According to the Employment Security Department, an individual is typically eligible to receive up to 26 weeks of unemployment benefits if he was laid off from a job he worked at for at least four of the five preceding quarters. In some instances, an individual who is fired without just cause may also be eligible for unemployment benefits. If an individual quits a job, he is usually not entitled to benefits, though he may make a case to his state employment board.
A variety of factors impact an individual’s ability to qualify for, apply for and receive unemployment benefits. Unemployment benefits are cash subsidies paid by individual state governments to unemployed workers who were previously employed and terminated by a company that paid for unemployment insurance. Unemployment benefits are finite and recipients must actively look for work during the time they receive benefits. Unemployment benefits and eligibility requirements vary from state to state. In times of high unemployment, benefit periods may be extended.
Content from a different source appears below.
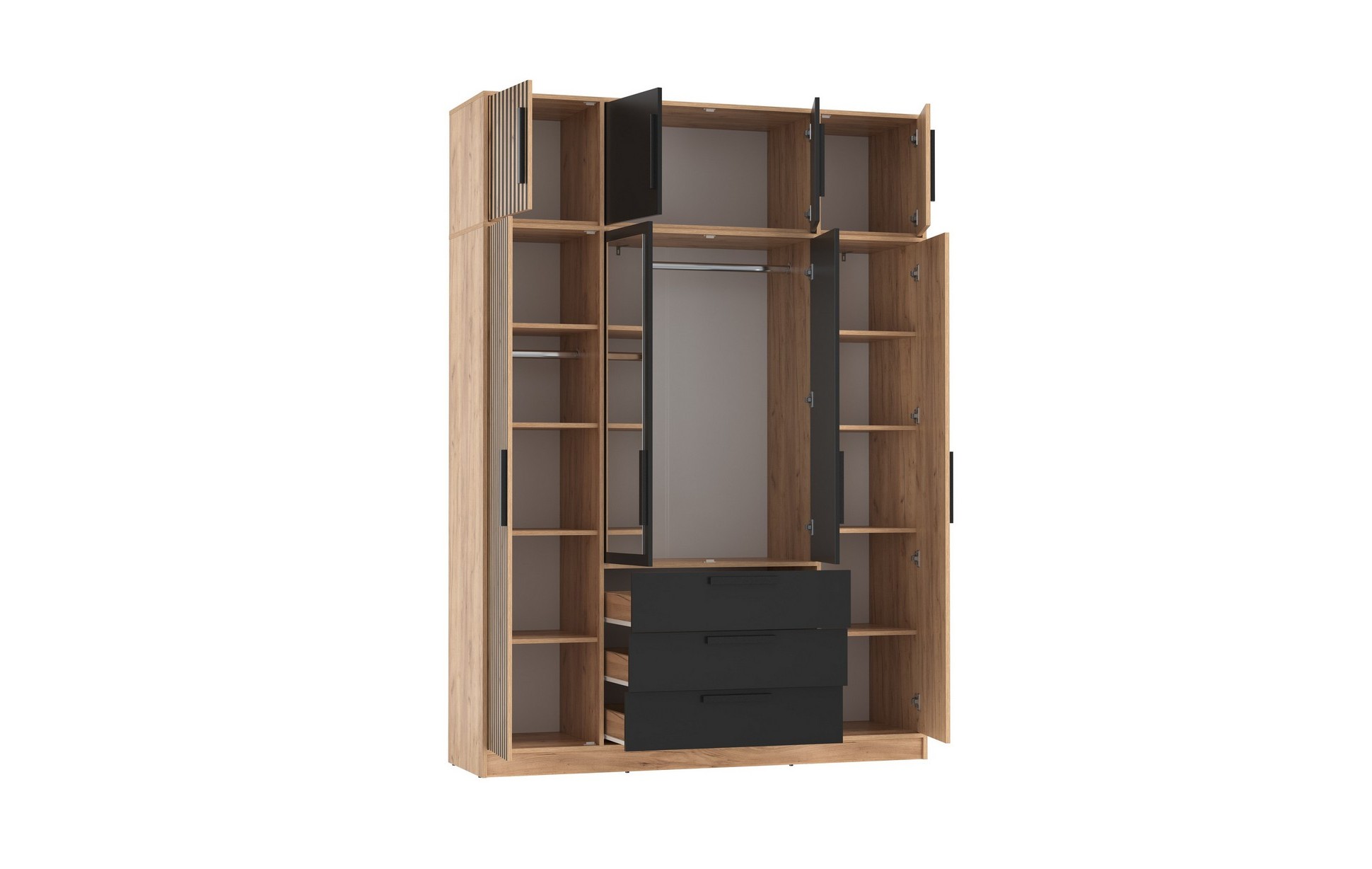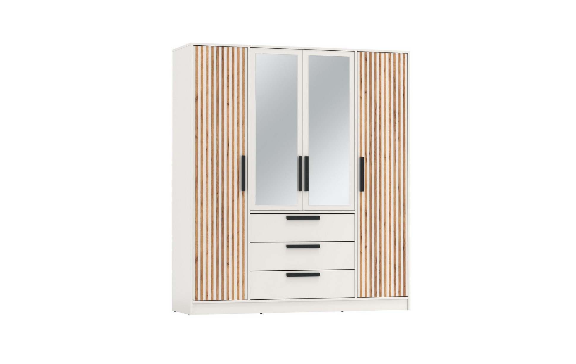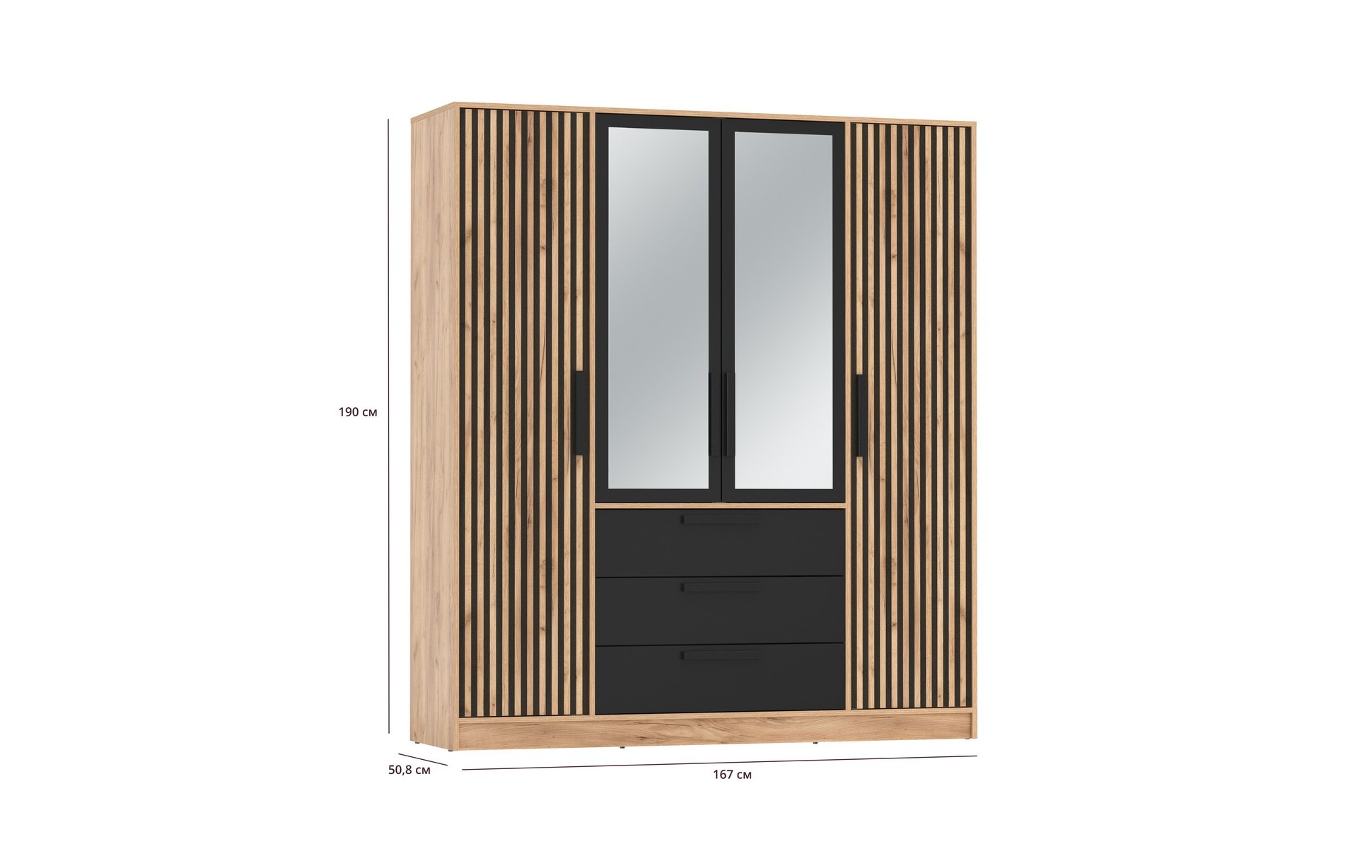 Спальня Вегас Шкаф для одежды 83.07 Вегас (4-х дв.) с зеркалом и тумба 83.10 (дуб золотой / черный / ДВПО: белый) исполняется в классическом стиле и спокойных цветах. Модель сочетает в себе простоту и функциональность, но при этом не выглядит громоздко. Она гармонично впишется в пространство, не утяжеляя его.

Independent contractors or freelancers who are self-employed are not typically eligible for unemployment benefits. This is because independent contractors do not usually pay into the unemployment insurance system and are therefore not insured by any particular company or organization.
Temporary Contract Jobs
Temporary contract jobs, such as seasonal retail help, may be accepted by individuals receiving unemployment without the risk of losing unemployment benefits. Typically, an individual’s unemployment compensation will be reduced or eliminated during the time he is working a temporary position, depending on how much he is earning. Once the temporary contract work ends, he may go back to collecting full unemployment benefits for the duration of his eligibility period, provided he still meets qualifying criteria. A claim that is temporarily halted may need to be reinstated to get payments started again.
Exception to the Rule
An individual who works a temporary contract job before filing for unemployment benefits as the result of job loss from a full-time position may not be eligible to receive benefits. A contract job is typically considered an independent contractor position where the employer is not obligated to pay the independent contractor’s taxes, health benefits or unemployment insurance. A determination of eligibility in this type of case is decided by a state’s unemployment bureau and is based on the length of the temporary contract job and the length of previous full-time employment.